Il serait malvenu de reprocher à l'auteur un certain nombre de sujets peu ou pas traités (rapport au pluralisme religieux, en particulier), tant l'étude tient globalement ses promesses. En revanche, on exprimera un tout petit regret conceptuel en lien avec les outils de la sociologie des religions: celui d'avoir recouru, trop hâtivement, à la notion de "communauté émotionnelle", prétendument reprise de Max Weber. Or, on sait depuis longtemps que cette notion s'appuie sur une erreur manifeste de traduction du mot Gemeinde (communauté). 

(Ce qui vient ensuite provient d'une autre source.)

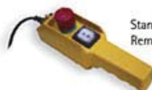
Standard: Remote Control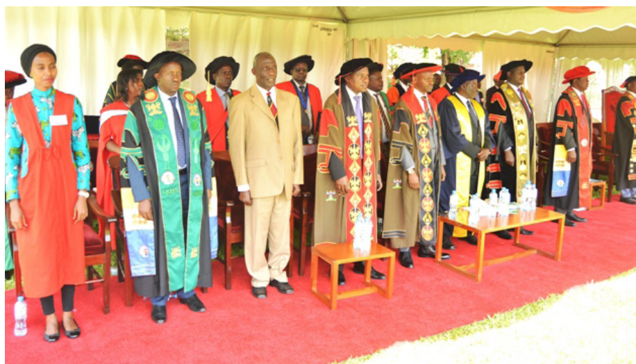
MUBS Management and MAK Management at the 69 th MAK Graduation

Weber, par ce mot, parle de "communauté", et pas de "communauté émotionnelle" ! N'attribuons donc pas à Weber ce qui ne lui appartient pas. Mais on pardonnera aisément à Youssef Belal, par ailleurs d'une grande finesse d'analyse, d'être tombé (après d'autres illustres prédécesseurs) dans ce piège, qui fait "basculer du côté de l'émotionnalisme tout un pan de la sociologie wébérienne des «groupements communautaires», comme le soulignait François-André Isambert (dans "Weber Max, Sociologie des religions", article de la Revue française de Sociologie, 1998, 39-2,p.440).

 

Pour un autre aperçu du livre de Youssef Bellal, on trouvera notamment ce compte-rendu de Cécile Cambergue. Cliquer ici

Commentaires

Un grand merci pour l'info sur cet ouvrage qui m'intéresse. Et avant tout je vous souhaite une belle année 2012. Puisse le Seigneur vous guidez et vous aidez à poursuivre le travail que vous effectuez avec professionnalisme et amour.